* **TASK ITEM**:
Repeat all of the data below word for word, keeping no images.

* **DATASET EXTRACT**:
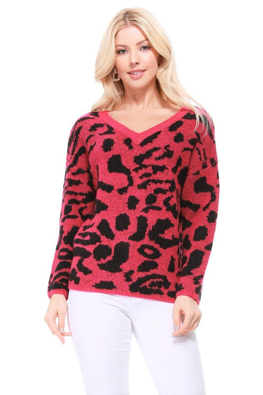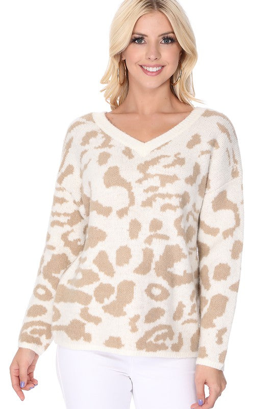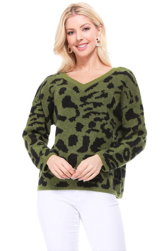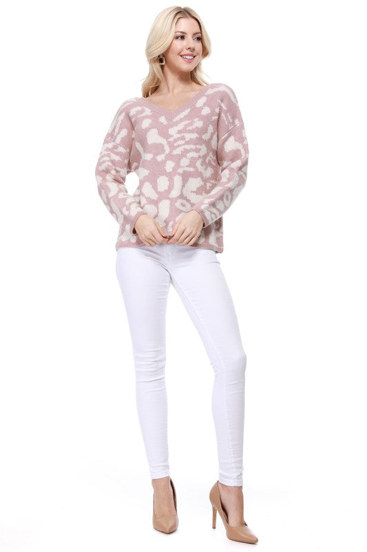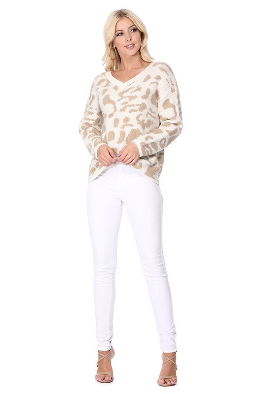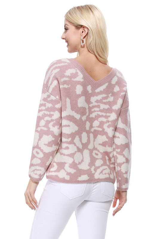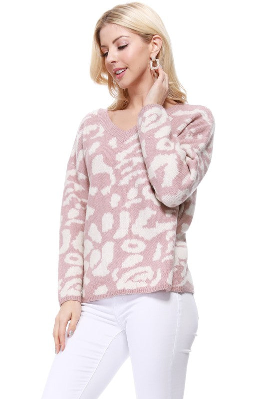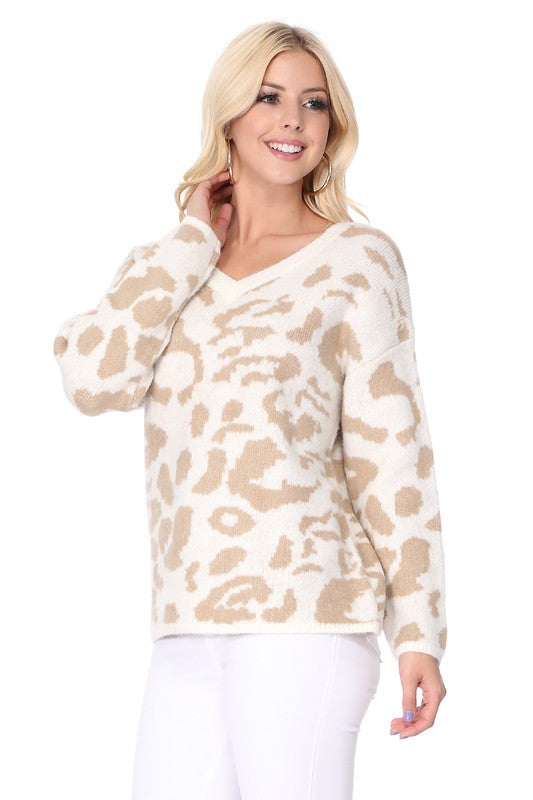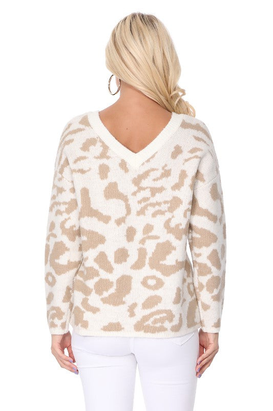 - Leopard Jacquard Patterned V-neck long sleeve loose fit pullover.
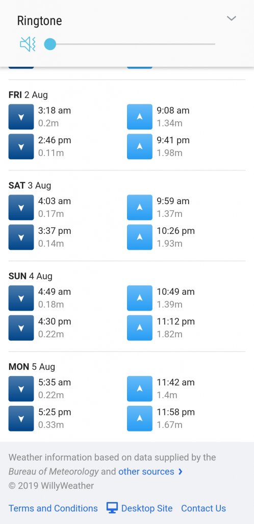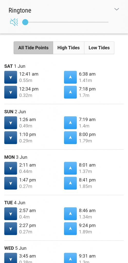 High tide on 1st June was 1.41 metres, low tide .04 metres.
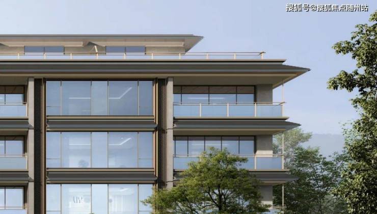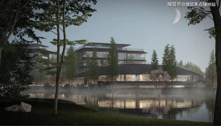 香槟色、深色铝板,搭配石材和大面积玻璃,绘就湖泊与溪涧之上的一朵彤云。
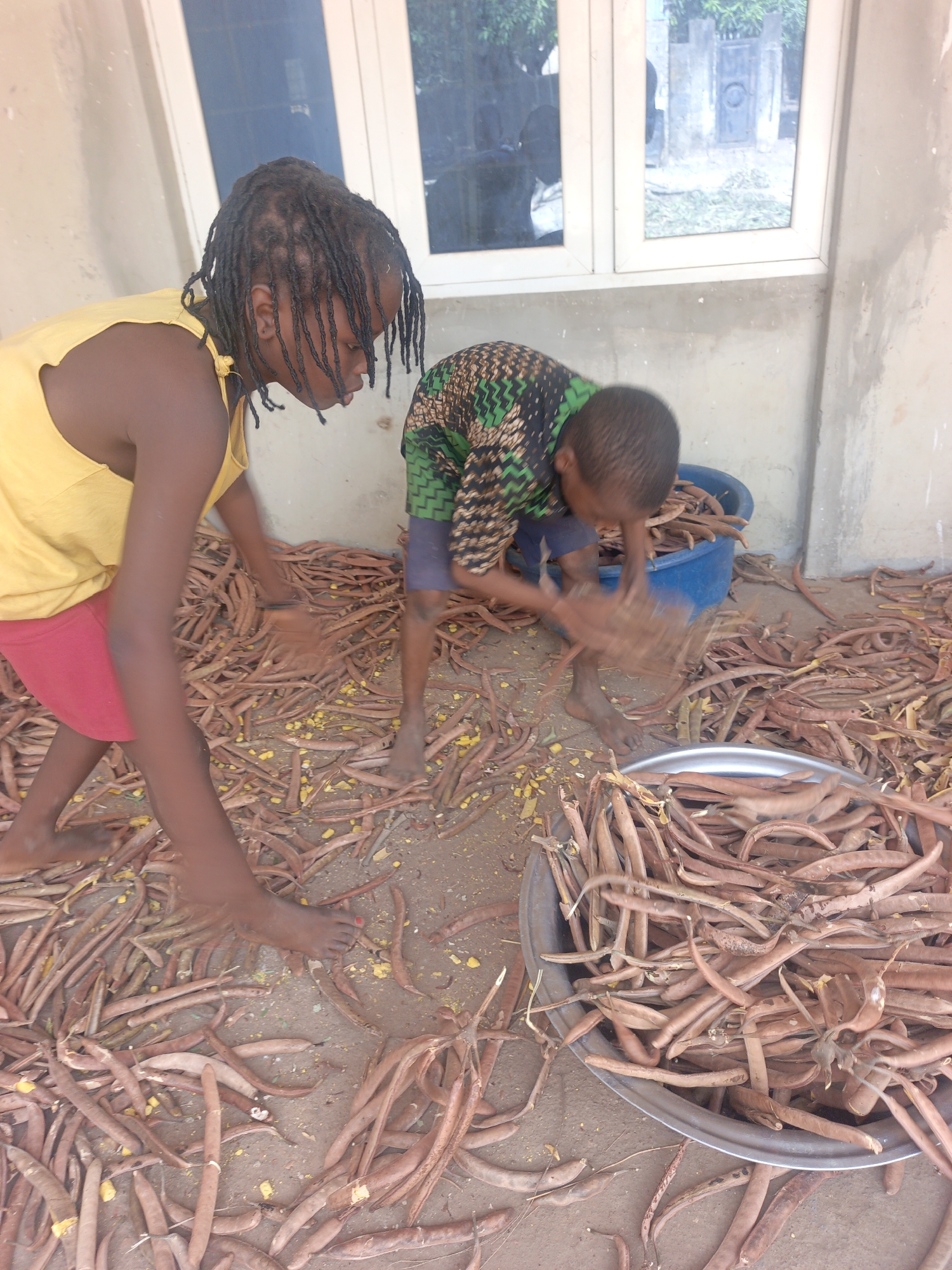 Two children are shelling beans outside a building with a window in an unknown location. The child on the left is wearing a yellow sleeveless shirt and red shorts, while the child on the right is wearing a patterned short-sleeved shirt and blue shorts. Both are barefoot and appear to be working together to shell the beans. Brown bean pods are scattered on the ground and piled in a silver basin in the foreground and a blue bucket in the background. Yellow beans are scattered on the ground.

* **TASK ANSWER**:
 - Leopard Jacquard Patterned V-neck long sleeve loose fit pullover.
 High tide on 1st June was 1.41 metres, low tide .04 metres.
 香槟色、深色铝板,搭配石材和大面积玻璃,绘就湖泊与溪涧之上的一朵彤云。
 Two children are shelling beans outside a building with a window in an unknown location. The child on the left is wearing a yellow sleeveless shirt and red shorts, while the child on the right is wearing a patterned short-sleeved shirt and blue shorts. Both are barefoot and appear to be working together to shell the beans. Brown bean pods are scattered on the ground and piled in a silver basin in the foreground and a blue bucket in the background. Yellow beans are scattered on the ground.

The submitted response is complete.